Published 6 May 2025 in cs.SC | (2505.03130v1)

Abstract: Symbolic regression (SR) -- which learns symbolic equations to describe the underlying relation from input-output pairs -- is widely used for scientific discovery. However, a rich set of scientific data from the real world (e.g., particle trajectories and astrophysics) are typically unsupervised, devoid of explicit input-output pairs. In this paper, we focus on symbolic implicit equation discovery, which aims to discover the mathematical relation from unsupervised data that follows an implicit equation $f(\mathbf{x}) =0$. However, due to the dense distribution of degenerate solutions (e.g., $f(\mathbf{x})=x_i-x_i$) in the discrete search space, most existing SR approaches customized for this task fail to achieve satisfactory performance. To tackle this problem, we introduce a novel pre-training framework -- namely, Pre-trained neural symbolic model for Implicit Equation (PIE) -- to discover implicit equations from unsupervised data.

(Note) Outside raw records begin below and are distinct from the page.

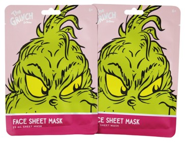 2 Pack Dr. Seuss' The Grinch Face Sheet Mask 25ml - Cucumber Scent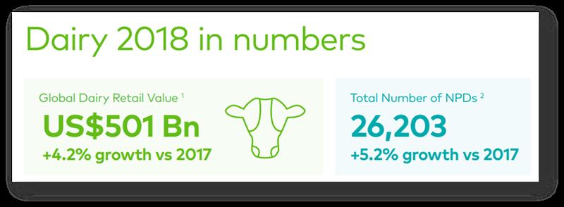 Valor de venta global de lácteos: US$ 501 billones, + 4,2% de crecimiento vs 2017.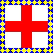 of the gonfalon have a dark blue edging with yellow squares.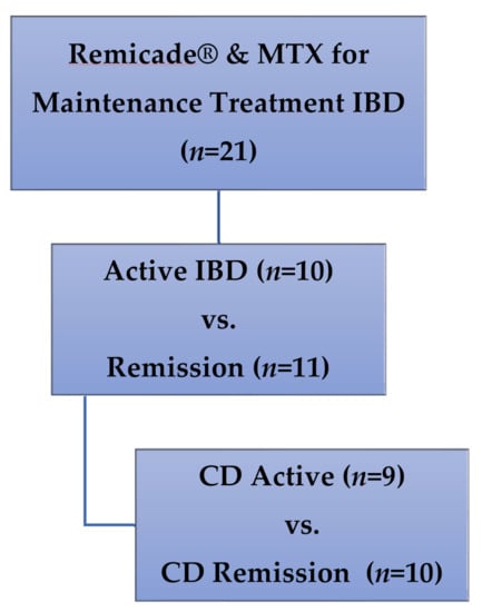 Patients: Children enrolled in a cross-sectional study of IFX monotherapy vs. combination IFX therapy with concurrent immunomodulators, and receiving medication doses in accordance with prescriber preference for clinical care of IBD [20], were included in this secondary analysis. All participants were enrolled at a single outpatient infusion center at the Children’s Mercy Hospital (Kansas City, MO, USA). Only patients receiving therapy with both IFX (Remicade®) and MTX were included in this secondary analysis (Figure 3), with maintenance dosing defined as no changes in dose or interval of either drug for at least two IFX infusion cycles.

The core idea is that, we formulate the implicit equation discovery on unsupervised scientific data as a translation task and utilize the prior learned from the pre-training dataset to infer non-degenerate skeletons of the underlying relation end-to-end. Extensive experiments shows that, leveraging the prior from a pre-trained LLM, PIE effectively tackles the problem of degenerate solutions and significantly outperforms all the existing SR approaches. PIE shows an encouraging step towards general scientific discovery on unsupervised data.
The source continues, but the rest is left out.